● RECORD EXCERPTS:

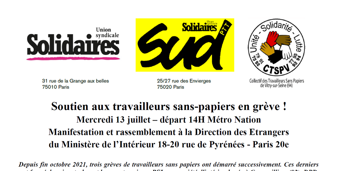 Soutien aux travailleurs sans papiers en grève : Manifestation et rassemblement le 13 juillet à la Direction des Etrangers
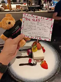 We took our drinks outside for some pictures and when we got back in to settle the bill, the whole team came out singing Happy Birthday, ready with party accessories, a cake and even a sash!
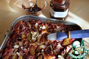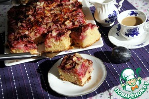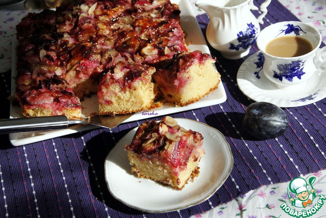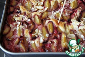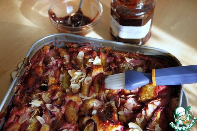 [+5](кулинар irinka-veselaja) я "погасила" разрыхлитель лимонным соком.И после каждого добавления в тесто муки и погашенного разрыхлителя оно так здОрово перемешивалось и просто на глазах становилось таким пышным и воздушным!Обожаю такую консистенцию!И вообще само тесто замечательное,на оливковом масле.Впервые такое делала!Да еще и со спельтовой мукой.Я в него еще все-таки свой любимый ванилин добавила (ну,не могу я без него) и не зря,он очень здорово вписался в общий вкус пирога!У нас сегодня такой дождь и холод на улице.мне не хотелось идти в магазин за миндальными лепестками.Я очистила миндаль от кожицы и натерла на шинковочке стружкой.Слива у меня была своя,кисло-сладкая,очень удачно и она подошла!А сливовый джем я сделала быстренько,буквально за 4 минуты в кружке в СВЧ,он у меня такой ярко красный получился!После выпечки,сняв сверху бумагу.я обнаружила,что хотелось бы сверху немного допечь,не было румянца у пирога,и я без бумаги допекла его,включив только верхний нагрев,в течении 15 минут.В общем,Нинуля,мы просто в восторге от выпечки!Огромное тебе спасибо за великолепный рецепт!Он теперь один из моих любимых!Нинуля,я отчиталась на форуме в теме "Хочу сказать спасибо",там еще фогография!
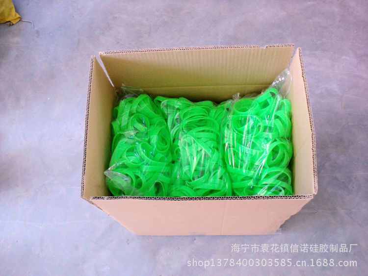 6.夜光硅膠手環:此類手環在煉膠的時候加入熒光粉一起混煉,成型的時候跟普通硅膠手環一樣,需要在晚上才看得到熒光效果,有紅光,綠光,藍光,晚上,它更加引人注目。
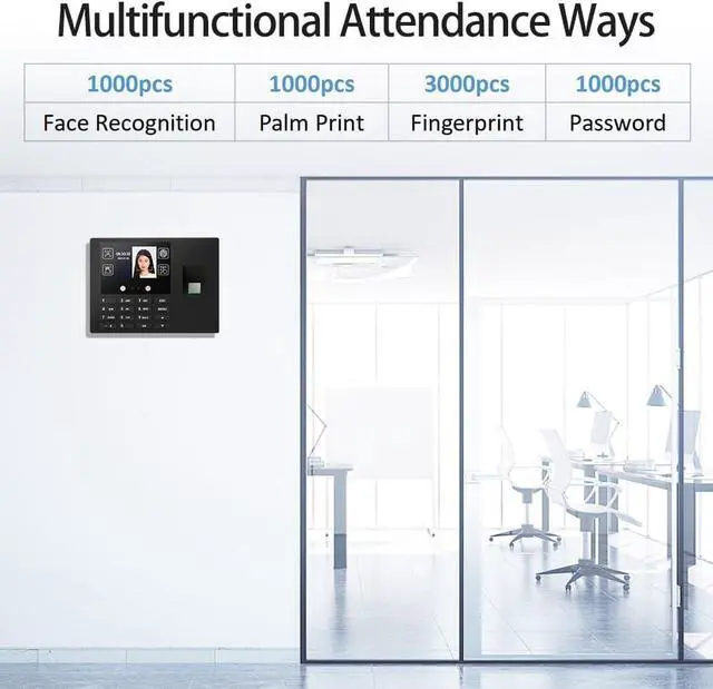 Multi-function 4-in-1 use: This time attendance device supports multiple employee identification methods, including 1000pcs face recognition, 1000pcs palm print, 3000pcs fingerprint, and 1000pcs password. With the capacity to store 160,000 records, it can meet the needs of various organizations.
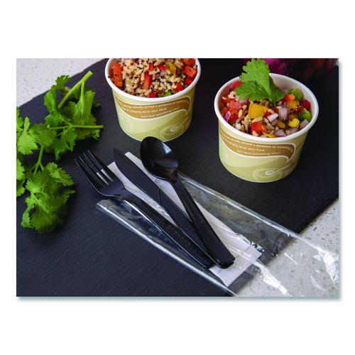 Simplify your place setting requirements with robust, break-resistant cutlery kits. Made from dense, heavyweight polystyrene, these kits are designed to handle very hot foods without issue. Each kit includes a fork, knife, spoon, and soup spoon, ensuring all your dining needs are met. With these cutlery kits, you'll be well-equipped for large gatherings or frequent use. Enjoy the convenience and durability of these high-quality utensils, making every meal service effortless and reliable. Perfect for events, catering, or daily dining, these kits offer both strength and practicality in one easy step.Package Includes: Includes 250 cutlery kits containing a fork, a knife, a spoon and a soup spoon.
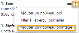 À gauche, les véhicules sont répertoriés avec, à droite du nom, le menu contextuel très intéressant! Dans ce menu contextuel, vous choisissez Ajouter un nouveau pointage.
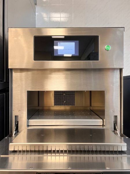 - Дисплей управления содержит — установку времени, температуры, скорость потока, мощность микроволн;
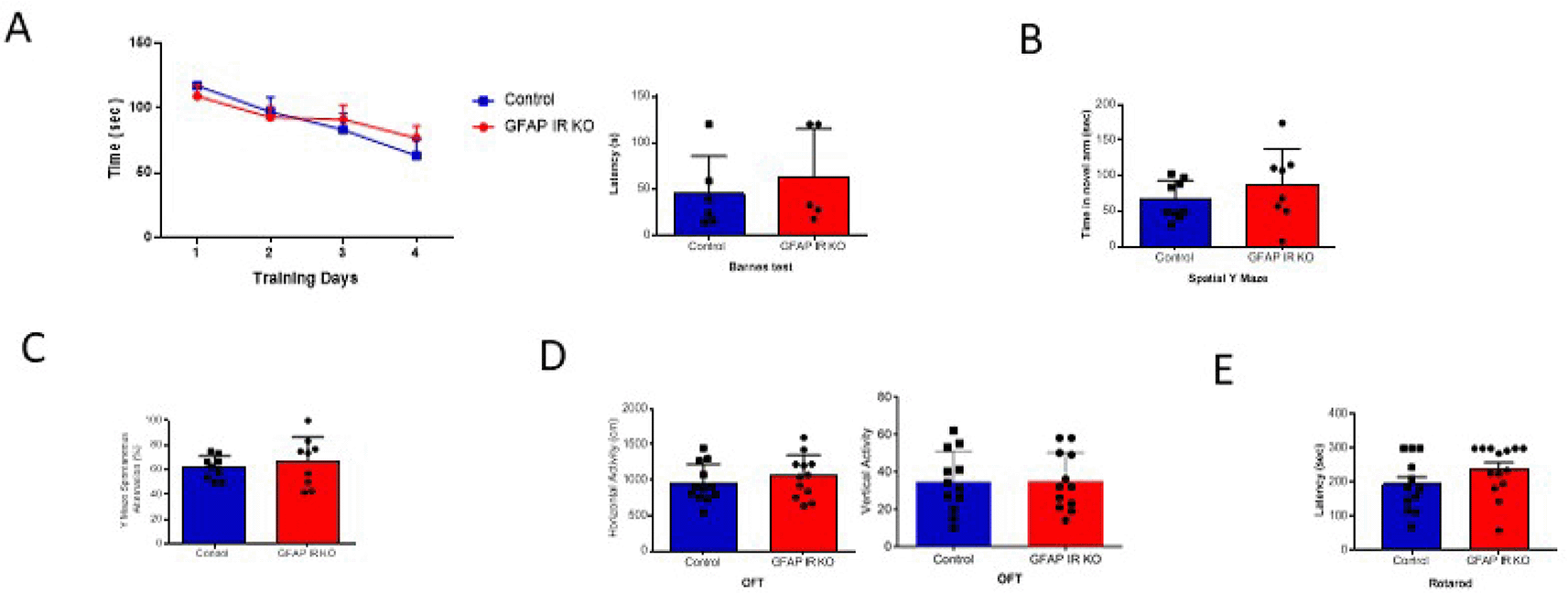 A, Adult GFAP IR KO mice performed similarly in the Barnes maze as compared to littermates, indicating intact spatial learning (n=9 per group, training days: 2-way ANOVA: F(1,36)=0.10, p=0.74; test day: t-test, Welch’s correction, t=0.65, p=0.53). B, Time spent in the novel arm of the spatial Y maze was similar to littermates in GFAP IR KO mice (n=9 per group, t-test, t=1.24, p=0.23). C, Number of spontaneous alternations in the arms of the Spontaneous Alternation Y maze, a measure was similarly unaltered in adult GFAP IR KO mice (n=9 per group, t-test, Welch’s correction, t= 0.67, p=0.51). D, No differences were observed in horizontal (left histograms) and vertical (right) activity in the open field arena was observed between experimental groups (n=12 per group, H: t-test, t=0.84, p=0.40; V: t-test, t= 0.05, p=0.95). E, Control littermates and GFAP IR KO mice show similar levels of motor coordination, as assessed in the rota-rod (control n=12, GFAP IR KO n=14, H: t-test, t=1.52, p=0.14). IR=insulin receptors, GFAP=glial fibrillary astrocytic protein.
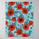 Poppies, red and blue on pool blue poster
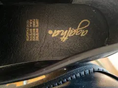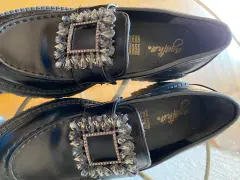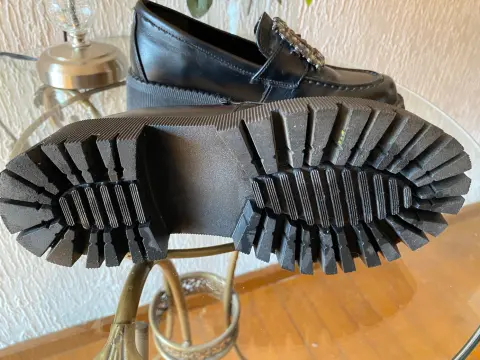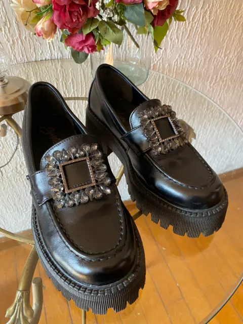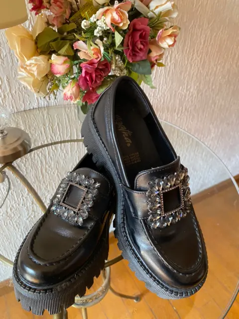 Mocasines color negro con broche de piedras, del #3 con suela ancha de 3 cms, tacón 5 cms, corte sintetico, muy cómodos vienen a la talla excelente estado
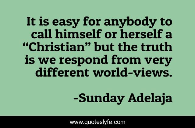 This page presents the quote "It is easy for anybody to call himself or herself a “Christian” but the truth is we respond from very different world-views.". Author of this quote is Sunday Adelaja. This quote is about respond, christian, truth,.
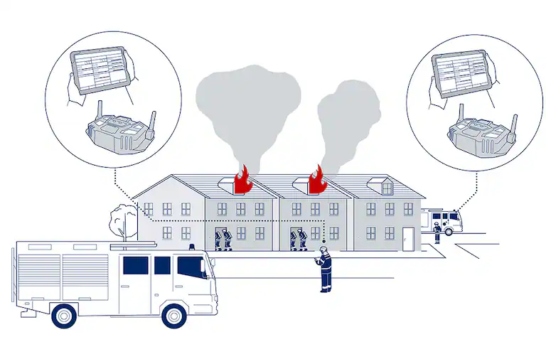 Statt auf vorhandene Infrastruktur angewiesen zu sein, errichtet FireGround ein geschlossenes, eigenständiges Einsatznetz. Es arbeitet unabhängig von Mobilfunk, WLAN oder externer Stromversorgung und bleibt damit selbst in Funklöchern, Industrieanlagen, weitläufigen Arealen oder unter Tage verlässlich. Diese Autarkie reduziert Störungen, entlastet den Sprechfunk und sorgt dafür, dass kritische Informationen genau dort ankommen, wo sie gebraucht werden:
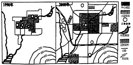 5、单选题 下图是“我国某城市1990年和2008年的功能区分布简图”,读图完成1—2题。
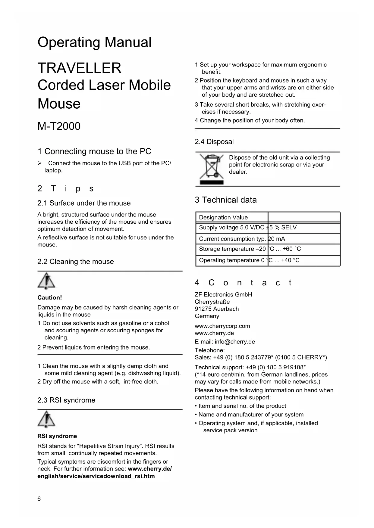 - Operating system and, if applicable, installed service pack version Dispose of the old unit via a collecting point for electronic scrap or via your dealer. Designation Value Supply voltage 5.0 V/DC ±5 % SELV Current consumption typ. 20 mA Storage temperature –20 °C ... +60 °C Operating temperature 0 °C ... +40 °C Operating Manual7 5 General advice Cherry, a brand of ZF Electronics GmbH, continuously optimizes its products as new technologies are developed. For this reason we reserve the right to make technical alterations. The evaluation of product reliability and the definition of the product's technical performance are carried out according to our own requirements in order to meet internationally recognized regulations and standards. Requirements in addition to these can be met through mutual cooperation. Improper usage, handling, storage and external influences could lead to faults and defects during use. We do not accept warranty for defects caused by alterations to our product by the user and shall not be held liable for unauthorized modifications. All repairs must be made by us or an officially appointed organization or person. Possible compensation claims against ZF Electronics GmbH or its nominated officers – whatever the legal justification including physical or stress related injuries – are excluded. Exceptions to this exist in the case of intent or gross negligence on the part of ZF Electronics GmbH, infringements of Product Liability Law or in cases of injury, bodily harm or risk to health. These operating instructions only apply to the accompanying product. Full details can be obtained from your distributor or direct from us. Class 1 Laser

● EXERCISE: In the data above, take the line with "A, Adult GFAP", the line with "Mocasines color negro", and every line between, and set them down exactly without pictures.

● TASK OUTPUT:
 A, Adult GFAP IR KO mice performed similarly in the Barnes maze as compared to littermates, indicating intact spatial learning (n=9 per group, training days: 2-way ANOVA: F(1,36)=0.10, p=0.74; test day: t-test, Welch’s correction, t=0.65, p=0.53). B, Time spent in the novel arm of the spatial Y maze was similar to littermates in GFAP IR KO mice (n=9 per group, t-test, t=1.24, p=0.23). C, Number of spontaneous alternations in the arms of the Spontaneous Alternation Y maze, a measure was similarly unaltered in adult GFAP IR KO mice (n=9 per group, t-test, Welch’s correction, t= 0.67, p=0.51). D, No differences were observed in horizontal (left histograms) and vertical (right) activity in the open field arena was observed between experimental groups (n=12 per group, H: t-test, t=0.84, p=0.40; V: t-test, t= 0.05, p=0.95). E, Control littermates and GFAP IR KO mice show similar levels of motor coordination, as assessed in the rota-rod (control n=12, GFAP IR KO n=14, H: t-test, t=1.52, p=0.14). IR=insulin receptors, GFAP=glial fibrillary astrocytic protein.
 Poppies, red and blue on pool blue poster
 Mocasines color negro con broche de piedras, del #3 con suela ancha de 3 cms, tacón 5 cms, corte sintetico, muy cómodos vienen a la talla excelente estado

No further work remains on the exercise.